Taylor Gray

Personal information
- Date of birth: January 28, 1998 (age 28)
- Place of birth: Hughesville, Maryland, US
- Height: 6 ft 1 in (1.85 m)
- Positions: Midfielder; forward;

Team information
- Current team: FC Naples
- Number: 7

Youth career
- D.C. United

College career
- Years: Team / Apps / (Gls)
- 2016–2017: Lees–McRae Bobcats / 38 / (4)
- 2018–2019: Reinhardt Eagles /  / (12)

Senior career*
- Years: Team / Apps / (Gls)
- 2017: West Virginia Chaos / 8 / (0)
- 2018–2019: Tri-Cities Otters / 26 / (8)
- 2021: Maryland Bobcats / 17 / (1)
- 2022–2024: Chattanooga FC / 56 / (11)
- 2025: Tormenta FC / 23 / (1)
- 2026–: FC Naples / 13 / (0)

= Taylor Gray (soccer) =

American soccer player (born 1998)

Taylor Gray (born January 28, 1998) is an American professional soccer player who plays for USL League One club FC Naples.

==Early life==
Gray played youth soccer with the D.C. United Academy.

==College career==
In 2016, Gray began attending Lees–McRae College, where he played for the men's soccer team. He made his collegiate debut and recorded his first assist on September 1, 2016, against the Anderson Trojans. He scored his first collegiate goal on October 12, 2016, against the Catawba Indians.

In 2018, he began attending Reinhardt University, where he played for the men's soccer team. In 2018, he was named to the All-Appalachian Athletic Conference Second Team, after scoring five goals and adding three assists. In 2019, after scoring seven goals and adding seven assists during his senior season, he was named to the All-Appalachian Athletic Conference Second Team and was named the team's Offensive Player of the Year.

==Club career==
In 2017, Gray played with the West Virginia Chaos in the Premier Development League.

In 2018 and 2019, Gray played with the Tri-Cities Otters. In 2019, he had a league best five consecutive game goal scoring streak and was named to the USL2 Eastern Conference Team of the Season. He was also named one of 12 finalists nationwide in the 'Global Greats' honors in 2019, finishing as runner-up. He was set to return to the team in 2020, however, the season was cancelled due to the COVID-19 pandemic.

In May 2021, he joined the Maryland Bobcats FC first team in NISA, after beginning the year with their reserve squad in the Eastern Premier Soccer League.

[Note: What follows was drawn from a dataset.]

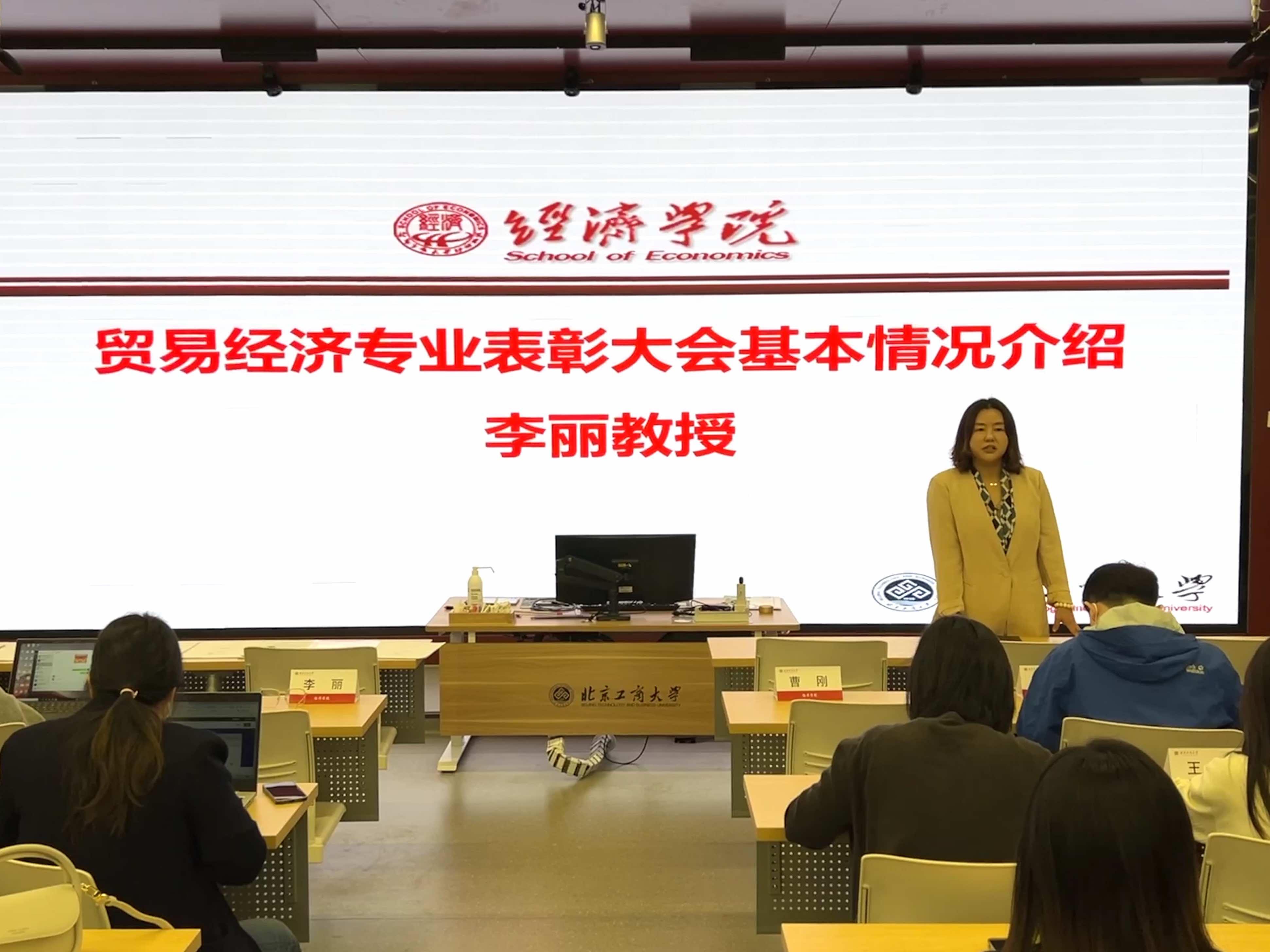 会上,系副主任李丽教授发表了热情洋溢的致辞,一方面向同学们表达了肯定和鼓励,同时也对导师们在本科教育中的辛勤付出表示谢意和敬意。贸经专业表彰大会举办五年以来,奖励了许多表现突出的员工,激发同学们在学习、科研、员工工作等多个方面的积极性和热情。她提出,贸易经济专业是公司的特色专业之一,公司将一如既往地加强贸易经济本科教育,为员工提供更优质的学习环境和更广阔的发展空间。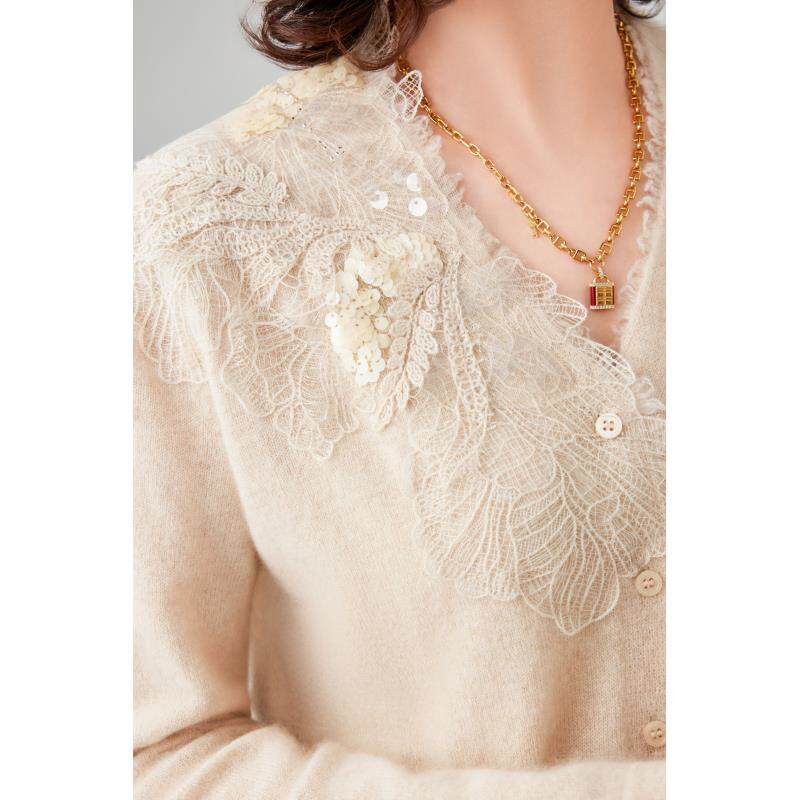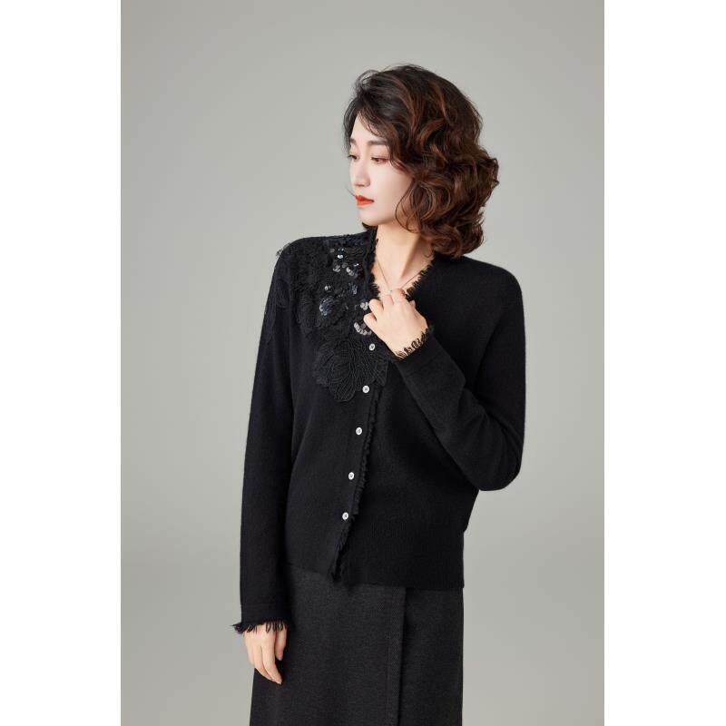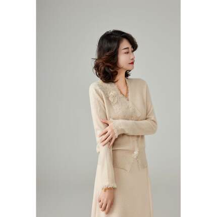 【100%纯山羊绒】中厚款气质时尚长袖针织开衫V领显瘦百搭休闲轻

In 2022, he joined Chattanooga FC in NISA, after having previously trialed with the team in 2019, but failing to make the team. On May 21, 2022, he scored a hat trick in a 4–2 victory over Bay Cities FC. He was named to the NISA Best XI in 2022. He spent much of the 2023 season injured, before returning to full health in 2024 as the team moved leagues to play in MLS Next Pro.

Gray signed with USL League One club Tormenta FC in January 2025.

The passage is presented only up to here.